Zonasi PPKM Mikro Jadi Acuan Penyelenggaraan Shalat Idul Fitri
Senin, 10 Mei 2021 | 03:30 WIB
Jakarta, NU Online
Berdasarkan Instruksi Menteri Dalam Negeri Nomor 10 tahun 2021, kriteria zonasi suatu daerah berstatus hijau, kuning, oranye, atau merah, dilakukan tidak hanya pada level kabupaten atau pun kecamatan. Namun kriteria tersebut ditentukan hingga tingkat RT berdasarkan jumlah kasus Covid-19 yang ada di daerah tersebut. Hal ini seiring dengan kebijakan Pemberlakuan Pembatasan Kegiatan Masyarakat Berbasis Mikro (PPKM Mikro) yang diperpanjang sampai dengan 17 Mei 2021.
Zona Hijau ditandai dengan tidak adanya kasus Covid-19 di satu RT, sehingga skenario pengendalian yang dilakukan adalah dengan surveilans aktif, seluruh suspek dites dan pemantauan kasus tetap dilakukan secara rutin dan berkala.
Untuk Zona Kuning ditandai dengan adanya 1 (satu) sampai dengan 2 (dua) rumah dengan kasus konfirmasi positif dalam satu RT selama 7 (tujuh) hari terakhir. Skenario pengendalian yang dilakukan dalam kondisi ini adalah menemukan kasus suspek dan pelacakan kontak erat, lalu melakukan isolasi mandiri untuk pasien positif dan kontak erat dengan pengawasan ketat.
Kemudian Zona Oranye ditandai dengan adanya 3 (tiga) sampai dengan 5 (lima) rumah dengan kasus konfirmasi positif dalam satu RT selama 7 (tujuh) hari terakhir. Skenario pengendalian adalah menemukan kasus suspek dan pelacakan kontak erat, lalu melakukan isolasi mandiri untuk pasien positif dan kontak erat dengan pengawasan ketat, serta menutup rumah ibadah, tempat bermain anak, dan tempat umum lainnya kecuali sektor esensial.
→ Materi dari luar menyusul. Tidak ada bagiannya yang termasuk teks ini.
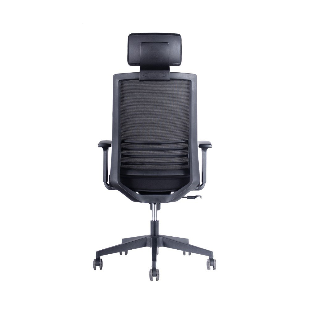 Respaldo de malla con soporte lumbar dinámico.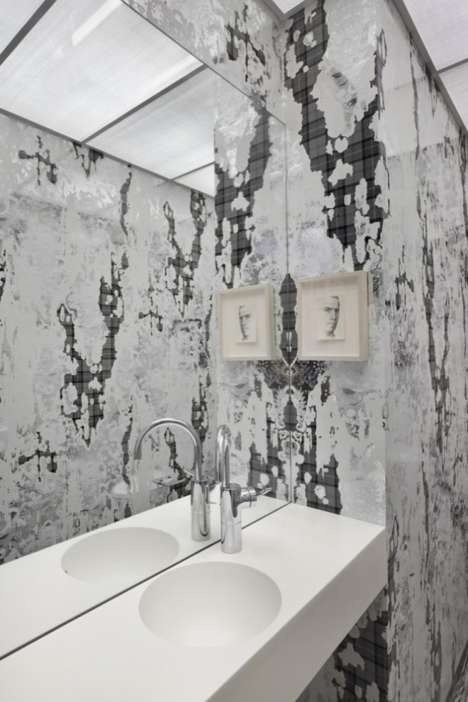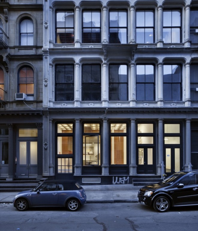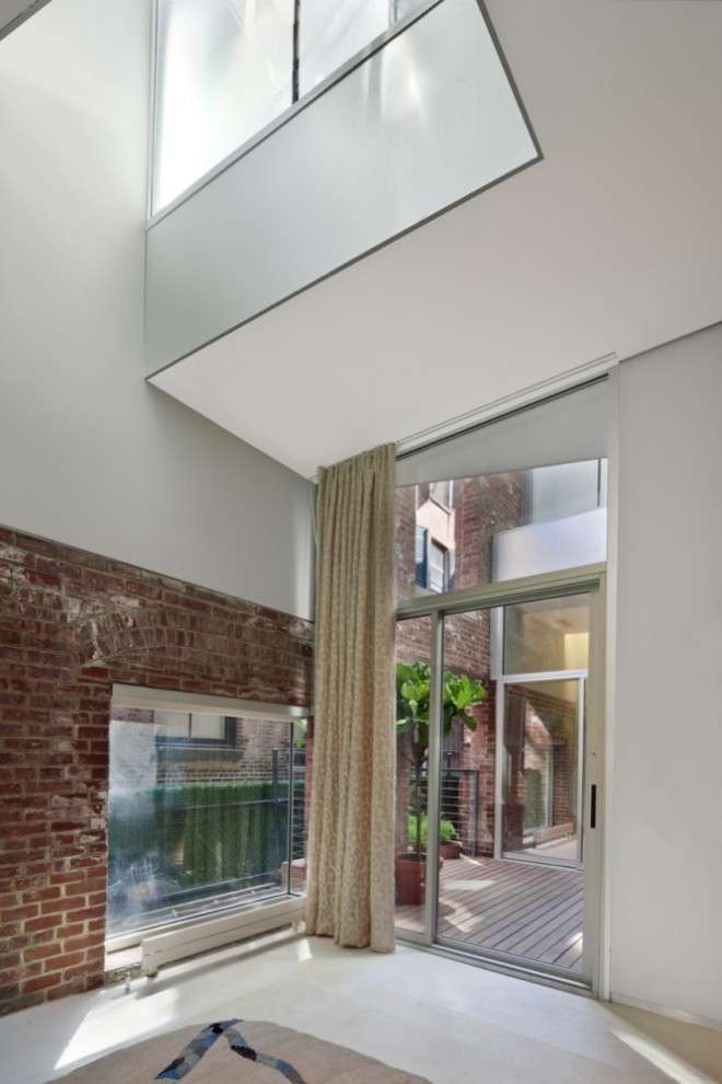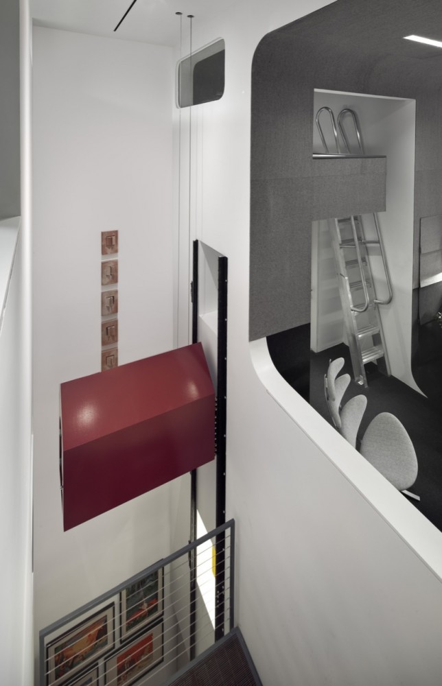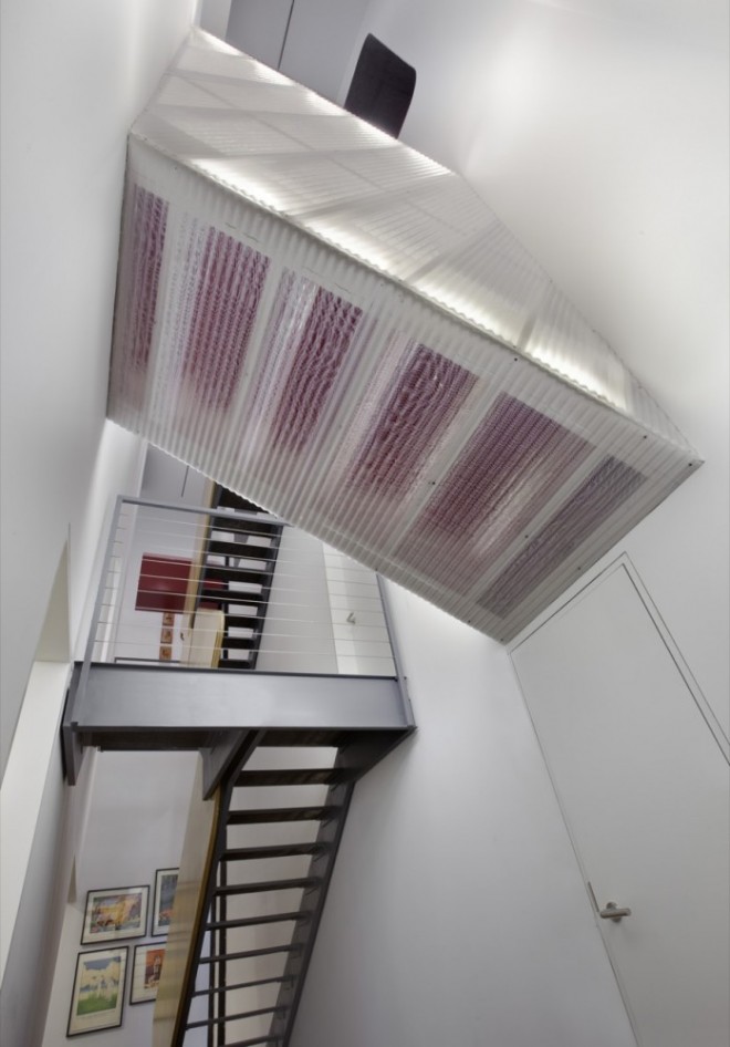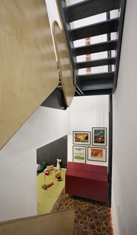 The classic New York minimalist loft was considered too constraining and inflexible. The concept therefore was to divide the space into a series of programmatic “stripes†to accommodate different functions, moods and materials and break down the length of the apartment into a promenade of experiences, from most public at the front to most private in the back. This is combined with a shifting of the rear floors to allow for three full-height levels.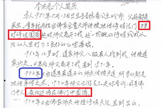 第一,“神仙”也有笔误。蓝框内的“1992年”肯定是“1972年”之误,理由有二。一是下面才说到“1974年又由……”此前的事肯定不会发生于1992年;二是无论上述《小传》,还是大法媒体的资料库中,都是这样表述的:“1972年,李洪志先生参加工作。这时,第三个师父--一位大道师父从长白山而来,道号真道子。”(相关截图略)李“神仙”不仅有笔误,而且不止一处,这则简介,写8岁和12岁时都用的“师父”,可写1972(误作1992)年和1974年时,都错成了“师夫”(汉语中无“师夫”一词)。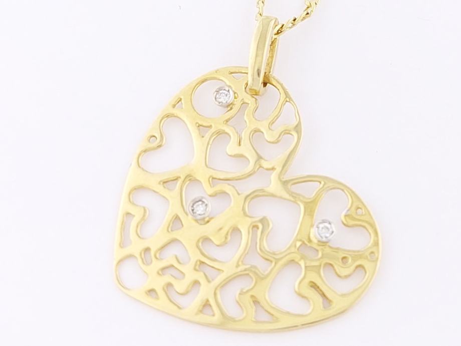 Zlatni privjesak srce, žuto zlato 18K, žig 750, mrežasta glat pločica, karika za lančić na njenoj desnoj strani.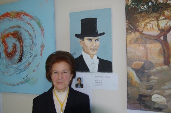 Yıldız Kent Arşivi ve Müzesi’nde açılan sergide 40 sanatçının eseri yer alıyor. Sergi 11 Kasım tarihine kadar açık kalacak. Ödemişli 85 yaşındaki Güler Dolgun yaptığı Atatürk eseri ile sergiye katıldı. 5 yıl önce kalp krizi geçirmesine rağmen Atatürk’ü çok sevdiği için kolları sıvayıp Atatürk posteri yaptığını belirten Güler Dolgun’un tablosu sergiye gelenlerin takdirini kazandı.
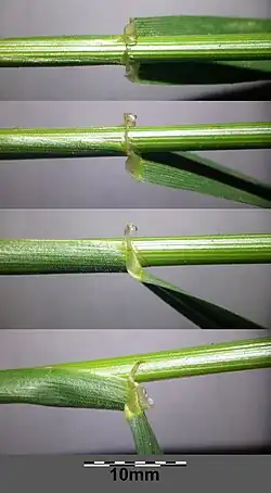 - Jasnozielone, bruzdkowane, na spodniej stronie błyszczące, o szorstkich pochwach. Młode liście są przeważnie zwinięte.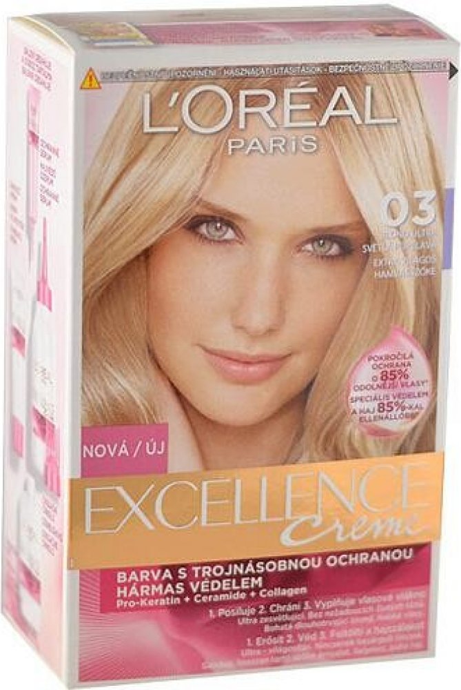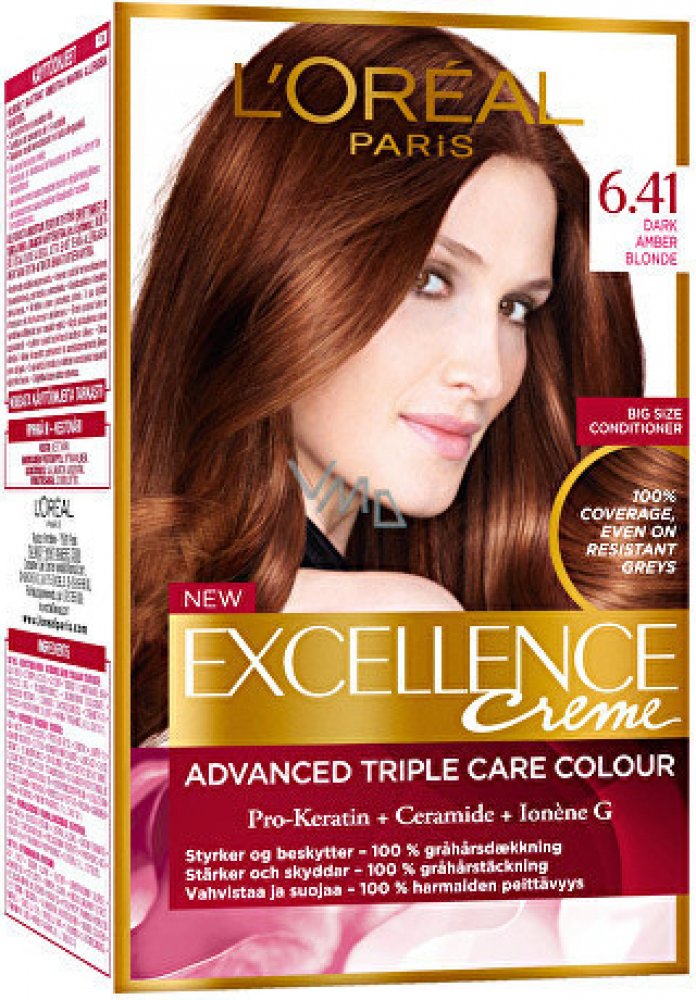 L'Oréal Paris Excellence Creme Triple Protection. Nechte své vlasy zazářit s jasnou a intenzivní barvou L'Oréal Paris Excellence Creme Triple Protection, která spolehlivě překryje i výrazné šediny. Pro-keratin a ceramidy spolu s aktivní složkou Ionène G chrání během procesu barvení vaše vlasy před poškozením. Závěrečná péče je pak obnovuje a posiluje. Získáte přirozeně vypadající a dlouhotrvající

Sementara Zona Merah ditandai dengan adanya lebih dari 5 (lima) rumah dengan kasus konfirmasi positif dalam satu RT selama 7 (tujuh) hari terakhir. Penanganan zona merah lebih ketat yakni dengan pemberlakuan PPKM tingkat RT yang mencakup:
1. menemukan kasus suspek dan pelacakan kontak erat;
2. melakukan isolasi mandiri/ terpusat dengan pengawasan. ketat;
3. menutup rumah ibadah, tempat bermain anak dan tempat umum lainnya kecuali sektor esensial;
4. melarang kerumunan lebih dari 3 (tiga) orang;
5. membatasi keluar masuk wilayah RT maksimal hingga Pukul 20.00; dan
6. meniadakan kegiatan sosial masyarakat di lingkungan RT yang menimbulkan kerumunan dan berpotensi menimbulkan penularan,
Acuan Shalat Idul Fitri 1442 H
Terkait dengan kebijakan PPKM Mikro ini, Kepala Bidang Penanganan Kesehatan Satgas Penanganan Covid-19, Alexander K Ginting mengatakan bahwa Pemerintah menyatakan izin pelaksanaan ibadah Shalat Idul Fitri mendatang mengacu pada status zonasi Covid-19 yang disandang suatu wilayah.
Suatu RT (rukun tetangga) atau RW (rukun warga) yang menyandang status zona hijau menurutnya boleh melaksanakan shalat Idul Fitri dengan ketentuan tidak ada pendatang dan hanya boleh diikuti oleh warga RT dan RW setempat. Selain itu, pelaksanaan Shalat Id juga harus berkoordinasi dan dilakukan di bawah pengawasan Satgas Covid-19 tingkat desa dengan diisi 50 % dari kapasitas.
"Dengan catatan tidak boleh orang di luar RT RW itu datang ke situ shalat. Dan kepala desa punya tanggung jawab, kalau ada kasus nanti dia kena tindakan," jelas Alex dikutip dari CNN Indonesia.
Dalam praktiknya, terjadi perbedaan kebijakan kepala daerah terkait penyelenggaraan Shalat Id tahun ini. Ada sejumlah kepala daerah yang tetap mengizinkan pelaksanaan ibadah Shalat Idul Fitri di masjid seperti Kota Semarang, Kota Pontianak, Kota Medan, Provinsi Sulawesi Tenggara, Kota Yogyakarta, dan Kulon Progo. Sementara ada kepala daerah yang tidak mengizinkan pelaksanaan shalat di masjid dan lapangan seperti di Lampung, Sumatera Selatan, dan Sulawesi Selatan.